Nun wurde eine Konferenz abgehalten, in welcher das Center in Amman unter arabischen Studenten für die hebräische Sprache warb. Mit der Begründung, dass eine andere Gesellschaft und Kultur besser verstanden wird, wenn man die Sprache dieser Nation spricht.
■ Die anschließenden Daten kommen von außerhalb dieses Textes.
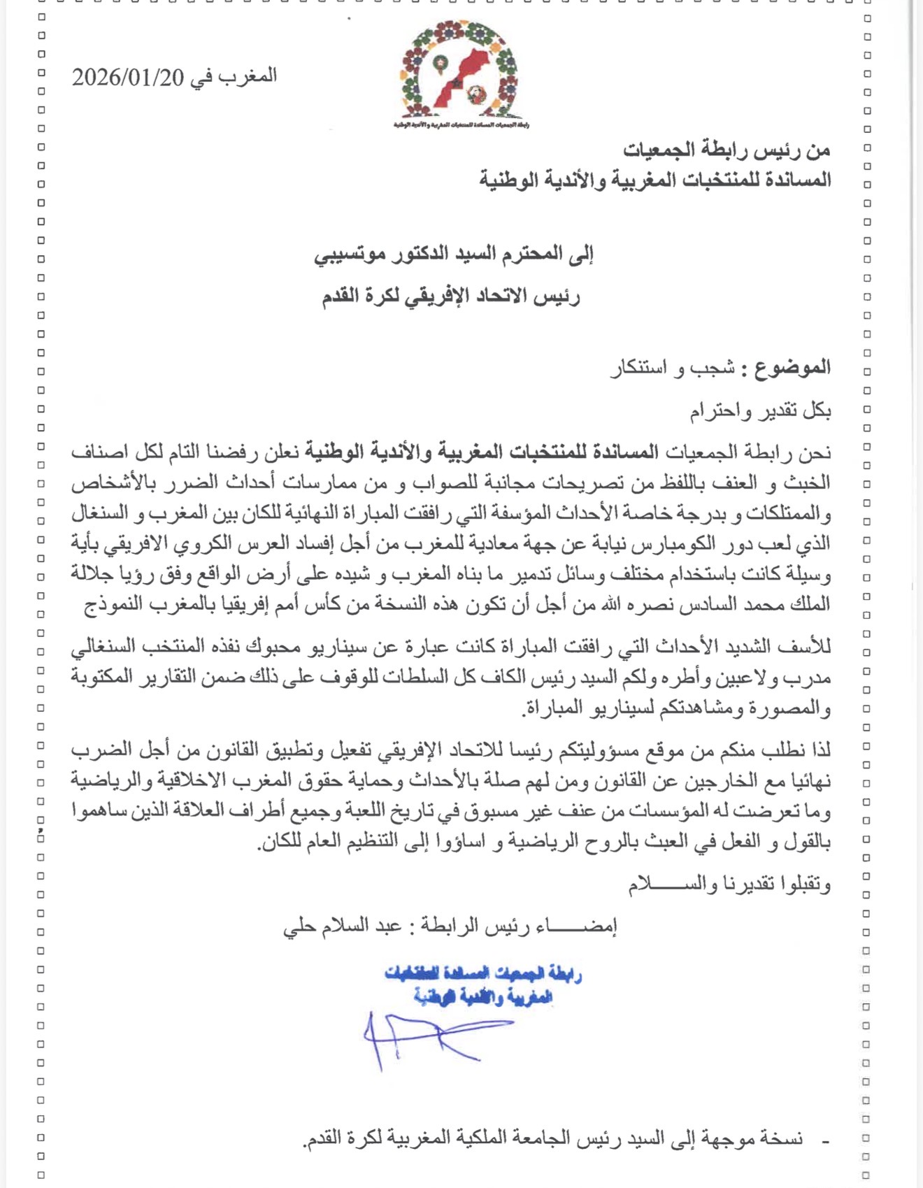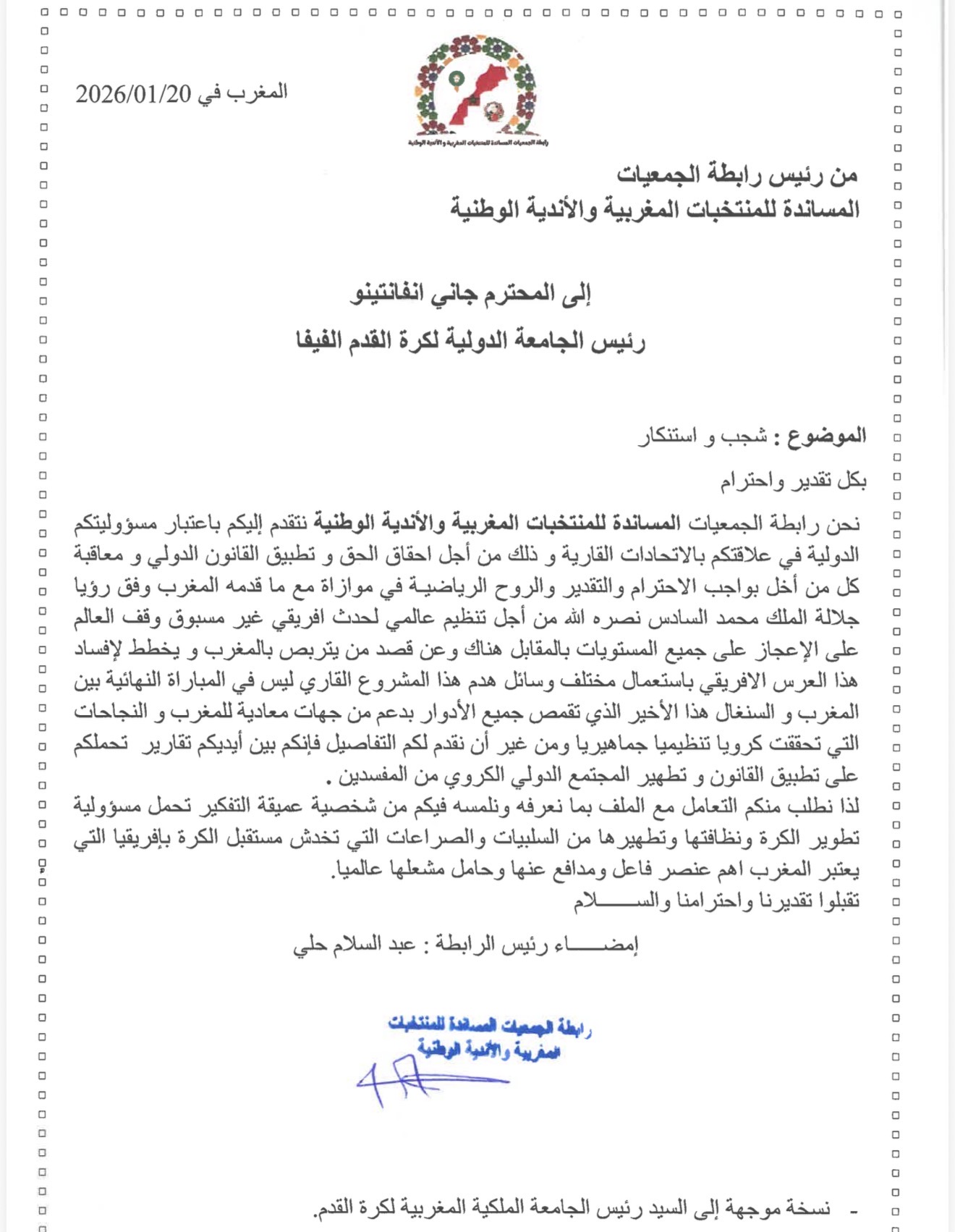 رابطة الجمعيات المساندة للمنتخب المغربي تقدم احتجاجها لدى رئيس الفيفا ورئيس الكاف

Anwesend waren Professoren, Studenten und Journalisten aus Ägypten, Irak, Saudi-Arabien und natürlich Jordanien.

Demokratie besser verstehen

Die Israelin Roni Segal, akademische Mitarbeiterin beim Online-Sprachinstitut «eTeacher», lobte die jordanische Initiative: «Durch das Hebräisch-Lernen haben Israels arabische Nachbarn bessere Chancen, die jüdische Demokratie in ihrer Mitte schätzen zu lernen.»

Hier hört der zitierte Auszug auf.